Traumatic events like a school shooting leave parents feeling fear, anger, and anxiety. Processing these emotions while continuing to care for your child is not easy. We reached out to Dr. Alicia Lieberman, Director of the Child Trauma Research Program at the UCSF Department of Psychiatry and a member of the CCY Expert Panel, to get her guidance.

Center for Children and Youth: Tragedies like school shootings can bring up a lot of different emotions. What would you say to parents who are feeling fear or anxiety about the safety of their children?

Dr. Alicia Lieberman: Parents are realistic to feel fear about the safety of their children. Parents’ fear and anxiety stem from their sense of helplessness about the conditions that endanger their children. At the same time, it is important to remember that the statistical probability that their children will get hurt is low. Devastating events can make us feel that danger is everywhere and can paralyze us with fear even if they are relatively rare.

Some anxiety is appropriate and healthy because it spurs us to protective action, but intense anxiety that interferes with daily activities needs attention and care to make it manageable.

CCY: What are some ways parents can process those emotions?

AL: Parents need to give themselves permission for self-care by taking time for their social life, rest, and doing things they enjoy.  It’s very helpful to also pay attention to our emotions, focusing on what we are feeling in our body at a specific moment and giving that feeling a specific name (for example, “anger”, “confusion”, “fear”).

There are wonderful breathing and mindfulness exercises that are very effective in managing anxiety; there is evidence that taking just 60-90 seconds several times a day for self-care can increase wellbeing. It can be as simple as looking through the window, humming a favorite song, looking at the photo of a loved one, breathing mindfully, stretching, saying a prayer. These activities can re-set our internal state, and their positive effects accumulate when done regularly.

CCY: How can parents provide comfort and reassurance to their children, even as they themselves are still experiencing fear? How honest should parents be with their children about the way they are feeling?

AL: Truth is essential because children are very accurate observers of our emotions. At the same time, the truth needs be tailored to the child’s developmental stage. We can tell them that we are sad and mad because these are legitimate feelings that they are also entitled to have, but it’s important to show them by our example and our support that these feelings are manageable.

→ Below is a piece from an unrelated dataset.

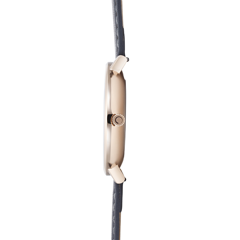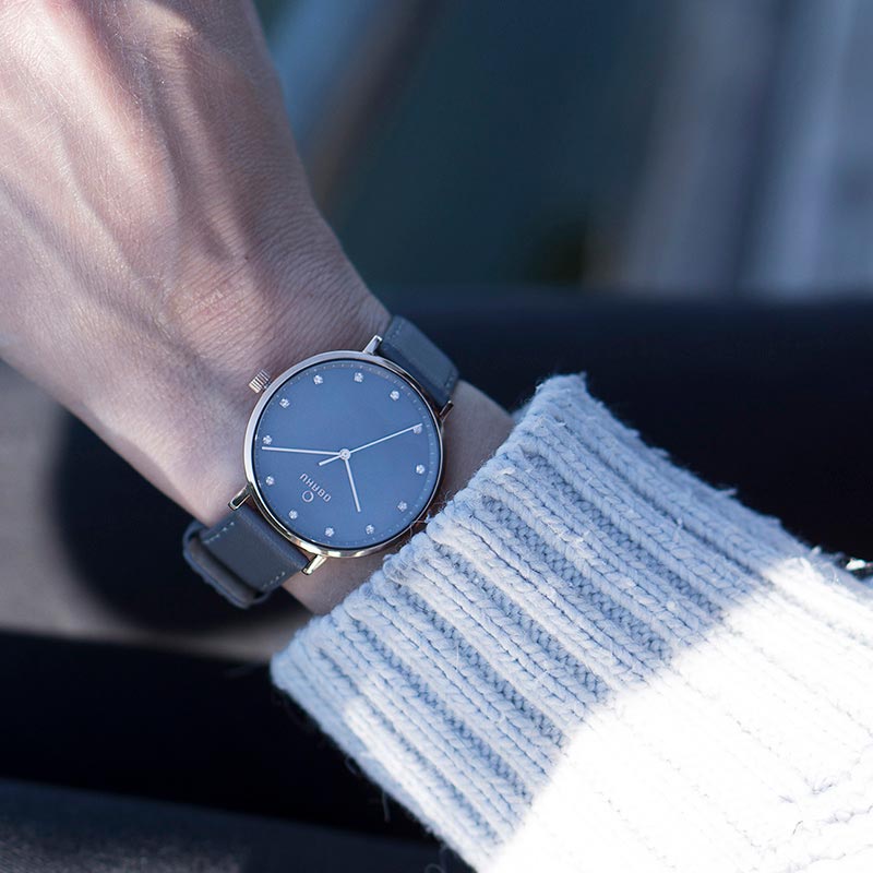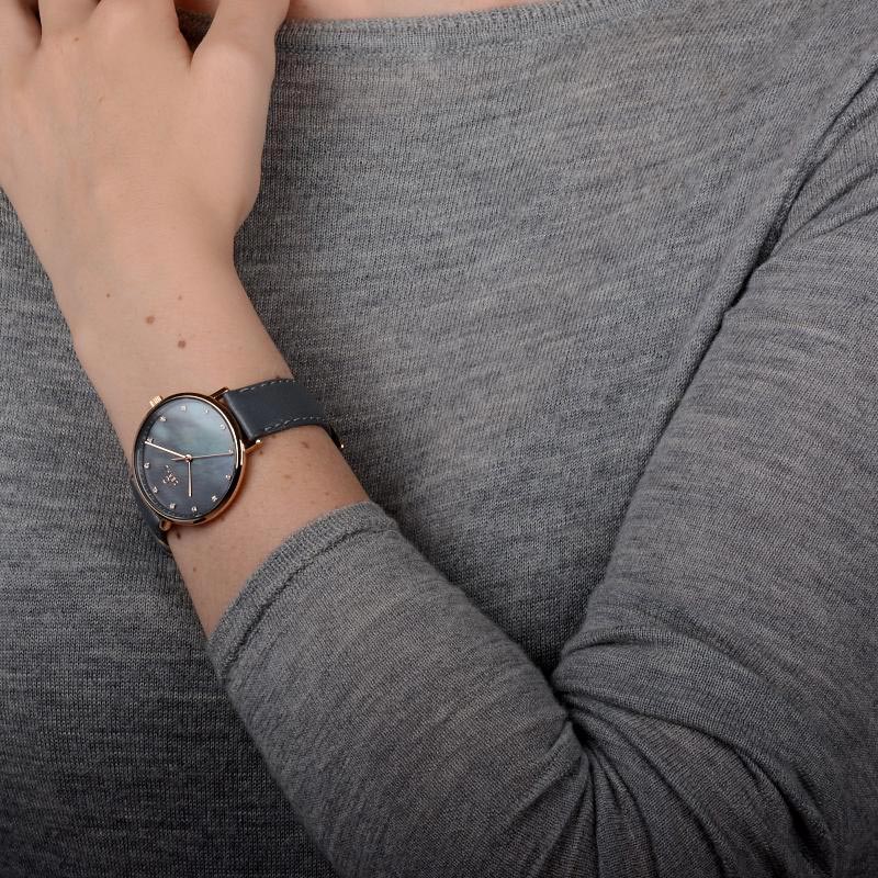The Vest Pebble watch is perfect for the woman who adores exclusive details in a design. Our timepiece has a spectacular black mother of pearl dial embedded with Swarovski elements that are surrounded by a flattering rose gold coated steel case and a smooth grey calf leather strap composited by the designer Christian Mikkelsen. Full of striking and feminine details the Vest Pebble aims to please the selective woman.

Always emphasize what we and other adults are doing to keep the child safe. It’s also important to maintain regular, predictable, comforting daily routines: meals together, time together, bedtime routines, opportunities to play. Continue to uphold expectations about the child’s behavior but be flexible when the child’s anxiety calls for extra cuddles, more comfort, and more reassurance. Take firm and immediate action to curtail self-endangering behavior and limit access to media and social media.

Finally, social action is a wonderful way of modeling protection: for example, telling the child how we are participating in the effort to change conditions so that children and families are safe.

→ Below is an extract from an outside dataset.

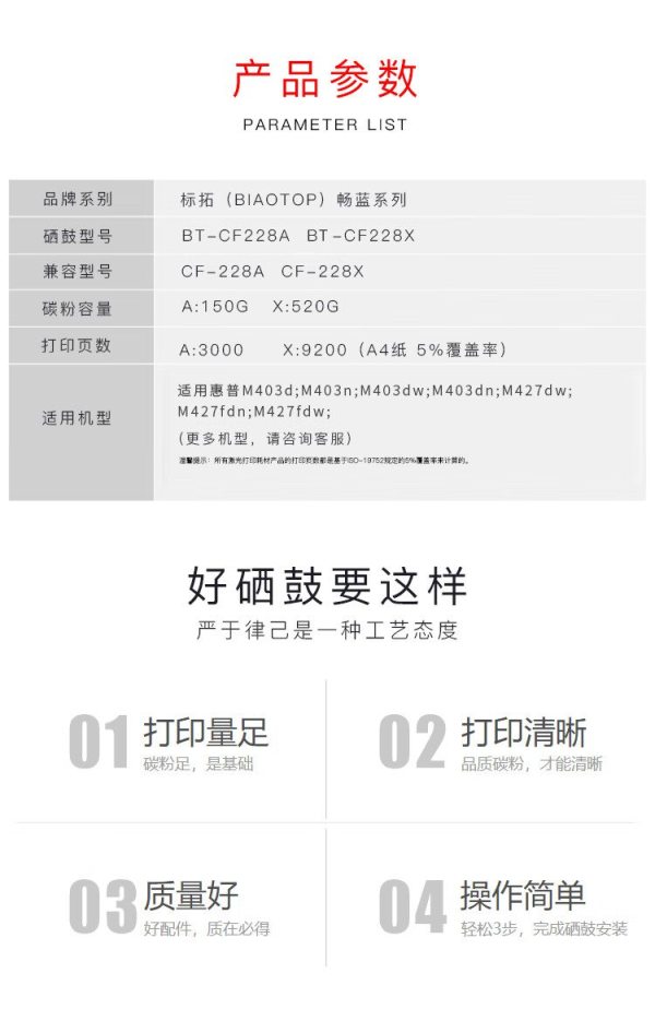 商品名称:标拓 BT-CF228X 打印量9200页 适用于:惠普HP LaserJet Pro 400 M403 硒鼓 黑色 (计价单位:支)

CCY: As we head into summer, parents may be dropping kids off for camps or activities, families may be traveling through busy spaces or attending crowded events. How can parents deal with anxieties that may be triggered in those moments?

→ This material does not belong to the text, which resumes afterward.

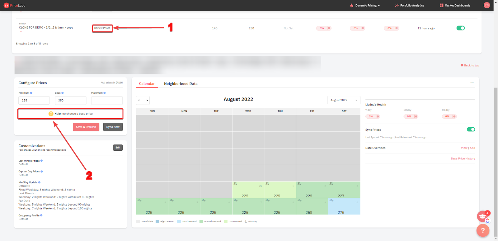To access this tool, first select Review Prices on the relevant listing (1), then select "Help me choose a base price" (2)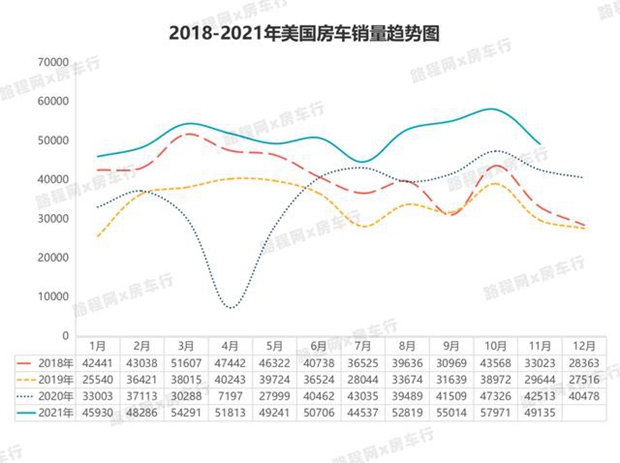 2021年12月初,美国房车工业协会(RVIA)总裁兼首席执行官雷格·柯比(Craig Kirby)表示:“2021年房车制造商和供应商已经取得前所未有的成就,根据前十一月房车出货量趋势判断,预计2021年年底房车销量将在593600~610800辆之间,最有可能在年底达到602200辆,与2020年的430412辆相比增长近40%。” 而根据前十一月房车销量增长数据来看,预测全年实现40%增长率的可能性非常高。

AL: It is helpful to anticipate. Before embarking on an activity, take some time to think ahead about how it will feel. Monitor the feelings in your body and give them a name. Trauma triggers are unsettling because they take us by surprise.  We can increase our control over them by identifying them in advance, giving them a name, and finding a practice that helps us regulate the response.  The more we practice, the better we become at helping ourselves and our children.

CCY: What would you say to parents who are struggling to process their emotions or who may be worrying about how their reaction is impacting their child?

Parents need permission to be gentle with themselves.  Someone once told me, “Compassion that does not include us is not complete”. We will unfailingly fail to live up to our own expectations and lose control of our emotions and behavior.

The concept of “repair” has emerged again and again in studies showing that children do best when their parents are able to recover from dysregulated emotions, explain what happened, ask how the child is feeling, and find ways to return to a place of understanding and safety.  We call it “speaking the unspeakable”.  Children really crave authenticity.  Being real with children, acknowledging that things are hard sometimes and that we make mistakes is very reassuring to them because it enables them to accept themselves as well.

Remember, emotions are contagious. Children learn more from watching what we do than from what we tell them. They are keen observers of the people they love and they learn a lot by osmosis.  They are like little sponges that absorb the emotional climate that we create.

In taking care of our emotions, we take care of them because they grow as we grow.

Dr. Alicia Lieberman is Director of the Child Trauma Research Program at the UCSF Department of Psychiatry; the developer of Child-Parent Psychotherapy, an evidence-based trauma-informed treatment for young children and their caregivers; and a member of the CCY Expert Panel.